The experimental tractability of biological systems makes it possible to explore the idea that causal relationships can be estimated from observational data.
““Happy is he who is able to know the causes of things.”— Virgil”
The idea that one needs to do an experiment—a controlled perturbation of a single variable—to assign cause and effect is deeply embedded in traditional thinking about the way scientific knowledge is obtained, but it is largely absent from everyday life. One knows, without doing an experiment, that the street is wet on a rainy day because the rain has fallen. To be sure, this form of causal reasoning requires prior knowledge. One has seen the co-occurrence of rain and the wet street many times and been taught that rain causes wetness. And although such relationships are, in the strict sense, merely very good correlations, human beings routinely, and necessarily, use them to assign cause and effect.
As discussed on this page a year ago, this form of thinking, at least as a starting point for hypothesis-making, is in practice not uncommon in scientific research as well. Even before our data-driven age, a testable idea often began with an observation. When the structure of a voltage-gated potassium channel was first solved, for instance, the physical basis for potassium selectivity was suggested from observing the disposition of the residues known to allow potassium, but not sodium, ions to pass. In another example a century or so earlier, Ramón y Cajal famously predicted many features of the operation of the nervous system, including the directionality of neuronal signaling, based on his observations of the organization of neurons in the brain. Experiments had to be designed to test these ideas, but the hypotheses about cause and effect were generated at least in part by observation.
Many areas of contemporary biology seek to learn causal relationships from biological data. In systems biology, for instance, researchers use measurements of gene expression, cellular protein amounts or metabolite levels, among other types of data, to assign causal or regulatory relationships in models describing the cell. In the context of large-scale systems data, it is usually not possible to assign such relationships just by looking at the data by eye. Statistical and visualization tools are needed, when, for example, one is looking at lists of expression data of thousands of genes and trying to determine which genes regulate what other genes. The methods used to assign causal arrows typically involve perturbation experiments. When unperturbed data are used, additional information such as change over time or prior biological knowledge has been used to order the data.
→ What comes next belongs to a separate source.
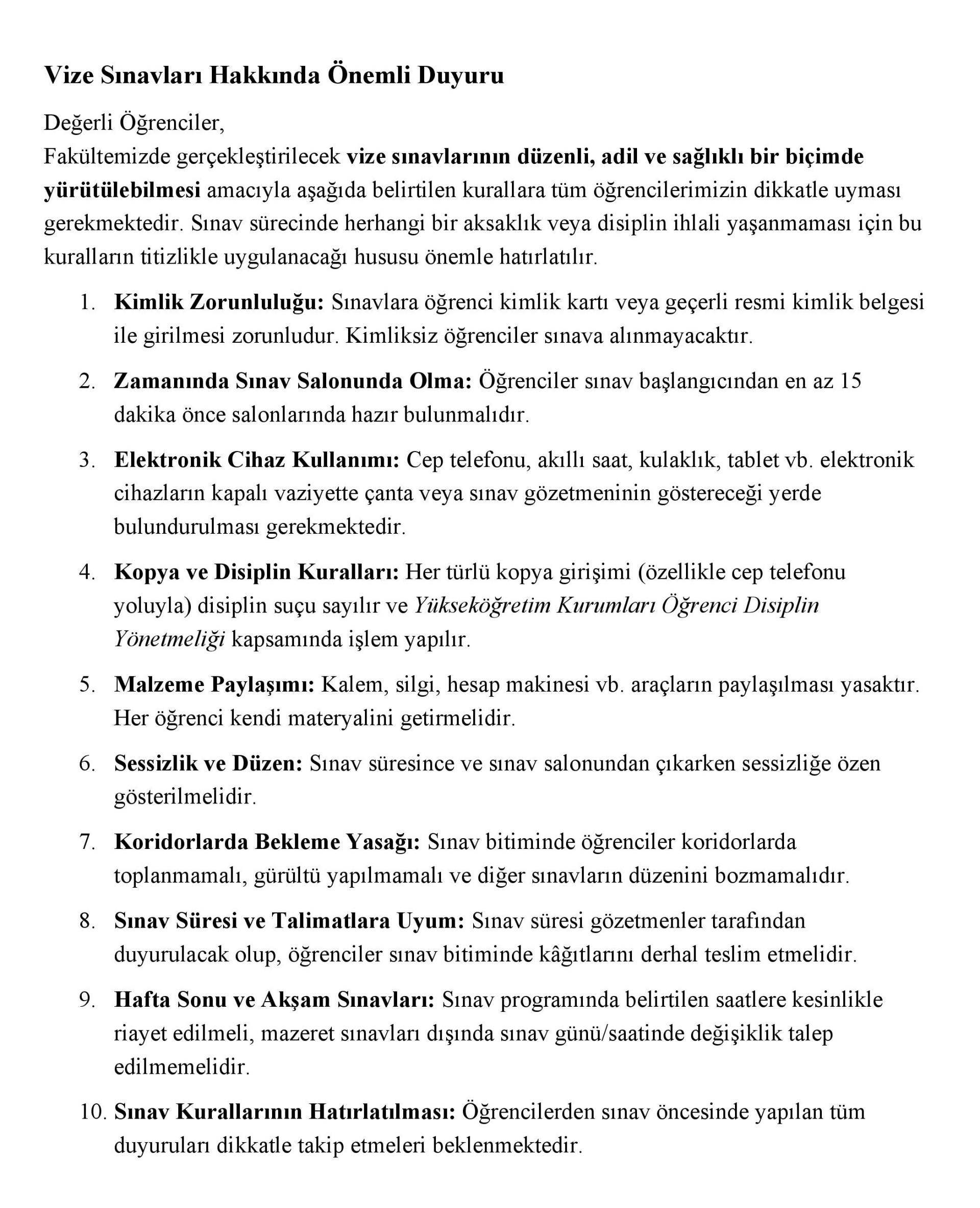 2025-2026 Eğitim-Öğretim Güz Dönemi Vize Sınavları 10 - 16 Kasım 2025 tarihleri arasında yapılacaktır.

A Correspondence by Maathuis and colleagues published in this issue (p. 247), in contrast, explores the notion that it might be possible to estimate causal relationships simply by observing random variation in unperturbed data, with no other information added. Making use of gene expression data obtained either from single gene knockouts in yeast—a classical perturbation experiment—or from parallel control measurements on wild-type yeast, an unperturbed system in which there is presumably only random variation, the authors report that, under some assumptions, statistical analysis can be used to predict the strongest causal effects from the control data alone.
The idea that such prediction is theoretically possible is not in itself new and has received some interest in, among others, the social scientific, economic and medical spheres. But it is an idea that is not easy to test in a real-world setting. In a sense, then, the study in this issue exploits the unique properties of biological systems—their complexity, the availability of good tools for precise and ethical system manipulation, and the well-developed technology for acquiring large-scale unbiased data—to test an idea that could have interest and value outside the biological realm as well.
It is worth noting that the assumptions made—in its current iteration, the approach by Maathuis and colleagues provides no allowance for feedback and does not incorporate change over time—could pose serious obstacles for understanding biological as well as other systems. What is more, statistical inference will clearly not replace perturbation experiments in systems that are amenable to manipulation.
Nonetheless, causal inference from purely observed data could have practical value in the prioritization and design of perturbation experiments. Perturbations can be impossible, for instance, if the tools available are not specific enough, unethical, for example in human studies, or simply unfeasible owing to cost or impracticality. Observational data could be used to identify candidate causal relationships, which could then be the basis for the design of targeted perturbations or for further analysis.